- Directed by: Shane Belcourt
- Screenplay by: Tanya Talaga Shane Belcourt
- Produced by: Tanya Talaga Stuart Coxe Geoff Siskind Jordan Huffman Kirsten Scollie
- Starring: Tyler Cameron
- Cinematography: Sean Stiller Jon Elliott Rodrigo Michelangeli
- Edited by: Vitold Vidic
- Music by: Tom Wilson Thompson Wilson
- Production company: Makwa Creative
- Distributed by: Antica Productions
- Release date: September 10, 2025 (TIFF);
- Running time: 83 minutes
- Country: Canada
- Languages: English Anishinaabemowin

= Ni-Naadamaadiz: Red Power Rising =

Ni-Naadamaadiz: Red Power Rising is a Canadian documentary film, directed by Shane Belcourt and released in 2025. The film recounts the story of an activist group who occupied Anicinabe Park in Kenora, Ontario, for 38 days in 1974 to protest the legal and social state of First Nations in Canada, spawning a further wave of indigenous activism that included a protest on Parliament Hill and influencing the American Indian Movement in the United States.

==Production and release==
Journalist and writer Tanya Talaga was also involved in the film as a writer and producer.
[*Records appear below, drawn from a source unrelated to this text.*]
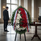 Состав: • кустовые хризантемы — 20; • красные гвоздики — 55; • зелень «Типпи» — 100; • флористический оазис — 8; • каркас с треногой — 1.
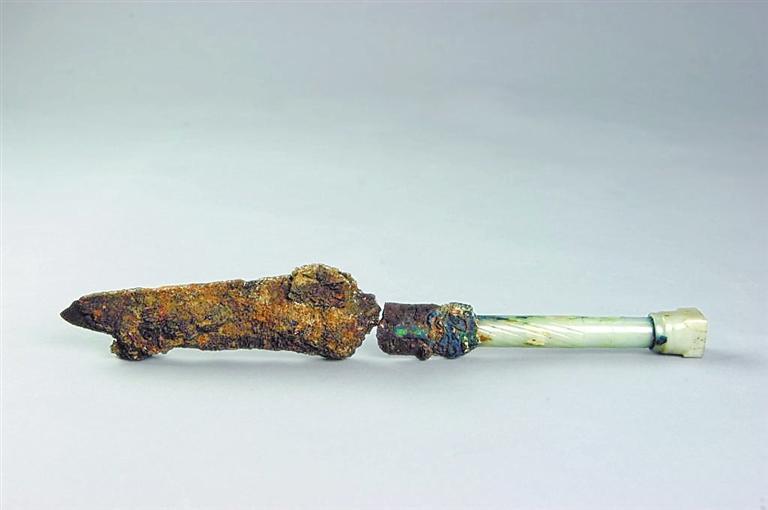 玉柄鐵劍出土于河南三門峽虢國國君虢季的墓葬,全長34.2厘米,其中劍柄長12.2厘米,劍身長22厘米。劍柄為銅芯,起到連接劍柄和劍身的作用,銅芯外鑲有晶瑩透亮的和田美玉和綠松石,并有精美的竹節(jié)飾紋,劍身和劍柄的結(jié)合處也鑲有綠松石。劍身經(jīng)由北京科技大學(xué)冶金與材料史研究所鑒定,是由塊煉法鍛制而成,劍身外有絲織品包裹的痕跡,應(yīng)當(dāng)是被絲織品包裹后放入劍鞘。劍鞘則由牛皮精制而成。這把玉柄鐵劍不僅制作精美,而且其利用玉、銅、鐵三種材料制作而成,是我國目前考古發(fā)掘出土的年代最早的人工冶鐵制品。它將我國的人工冶鐵歷史推前了近兩個世紀(jì),被專家們譽為“中華第一劍”。
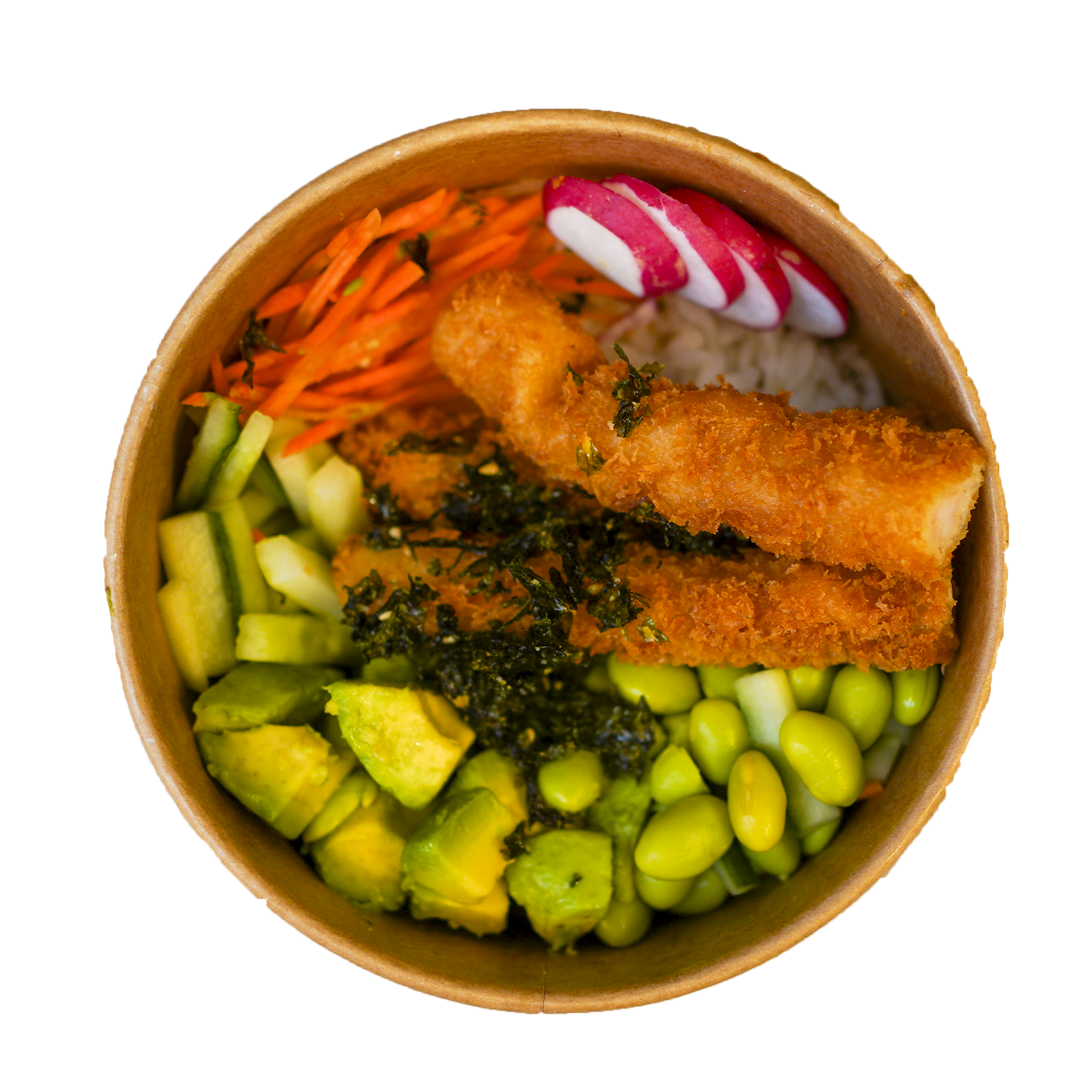 Crispy Ebi, edamame, tyndt sliced radiser, agurk og gulerødder. Toppes med ristede seaweed, forårsløg og sesamfrø. På en bund af lune sushiris.
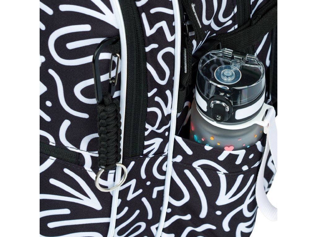 - Boční kapsy: Zpevněné, ideální na láhev s pitím nebo drobnosti.
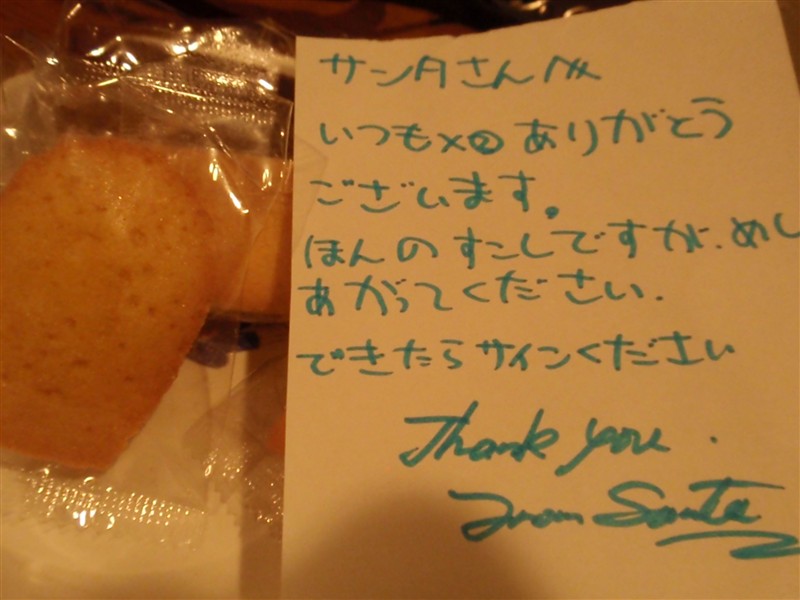 そして、昨年同様、次女の枕元にはサンタさんを労う手紙とお菓子が。
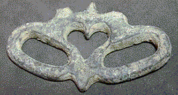 | Description | This cast item has been identified as a balteus connecter, but it's heavy build suggests it has an equine use. The three loops would each hold a leather strap. Two raised nubs once held an attachment that was allowed to swivel freely. The reverse is flat. This example is broken in half. | |
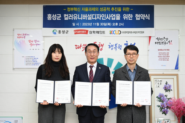 [충청뉴스 권상재 기자] 홍성군은 삼화페인트공업(주), (사)한국컬러유니버설디자인협회와 정부혁신 자율과제 ‘컬러유니버설디자인사업’의 성공적 추진 및 지속 가능한 발전을 위해 30일 업무협약을 체결했다.
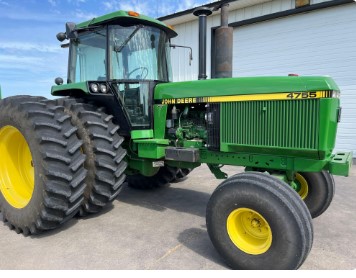 1991 John Deere 4755 2WD Tractor—1 Owner—SN:RW4755H007504, 5,072 original hours, Quad range, 1000 pto, 3 remotes, 520/85R42 Firestone rear tires with dual (80%), 16.5L-16.1 Firestone front tires, 2 wheel drive, step ladder, radio, heat/ac, quick hitch, 2 sets of rear wheel weights, tractor has had new alternator approx. 1 year ago, tractor has also had new starter and ac approx. 3 years ago, Very nice clean good running tractor!!
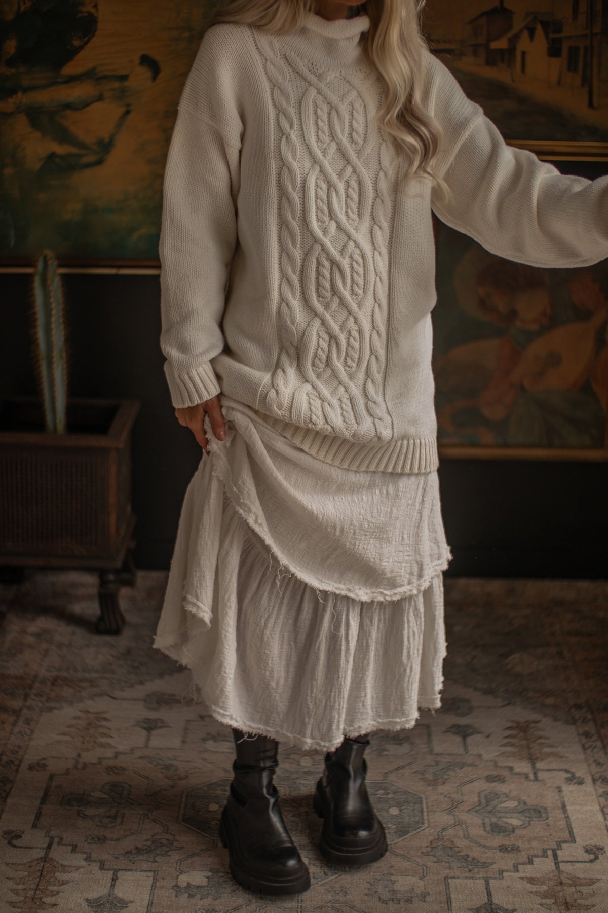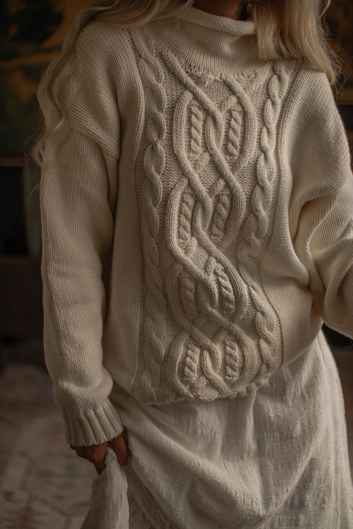 1990s Longline Cable Knit - Milk

The film is told largely through the eyes of Tyler Cameron, the son of protest leader Louie Cameron.

Music for the film was composed by Tom Wilson and his son Thompson Wilson, under the band name Tehohàhake.
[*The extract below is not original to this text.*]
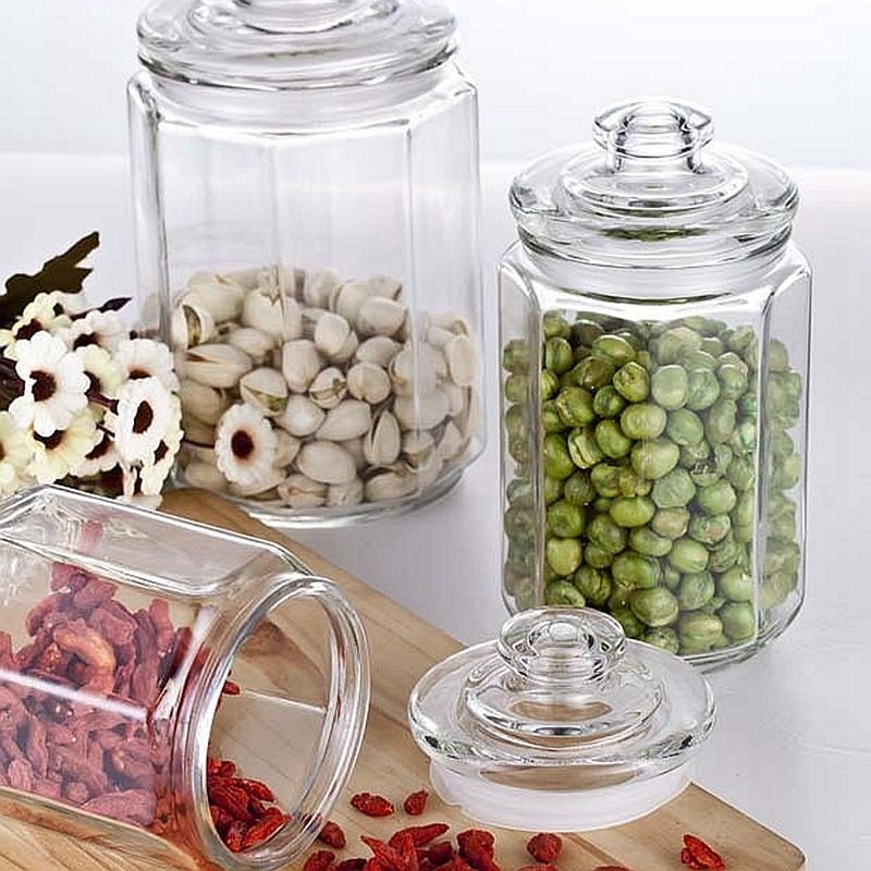 送料無料 春のラディアンス ガラス封入瓶 密封瓶 八角形ガラス瓶保存瓶 乾燥果実キャンディ瓶

The film premiered at the 2025 Toronto International Film Festival.

==Critical response==
Courtney Small of Point of View wrote that "Rightfully giving Cameron and the other protesters the praise they deserve, Ni-Naadamaadiz: Red Power Rising is a moving celebration of the unbreakable nature of the Indigenous spirit. Belcourt’s film highlights why it is important to keep these stories, and those who lived to tell it, at the forefront of Canada’s history."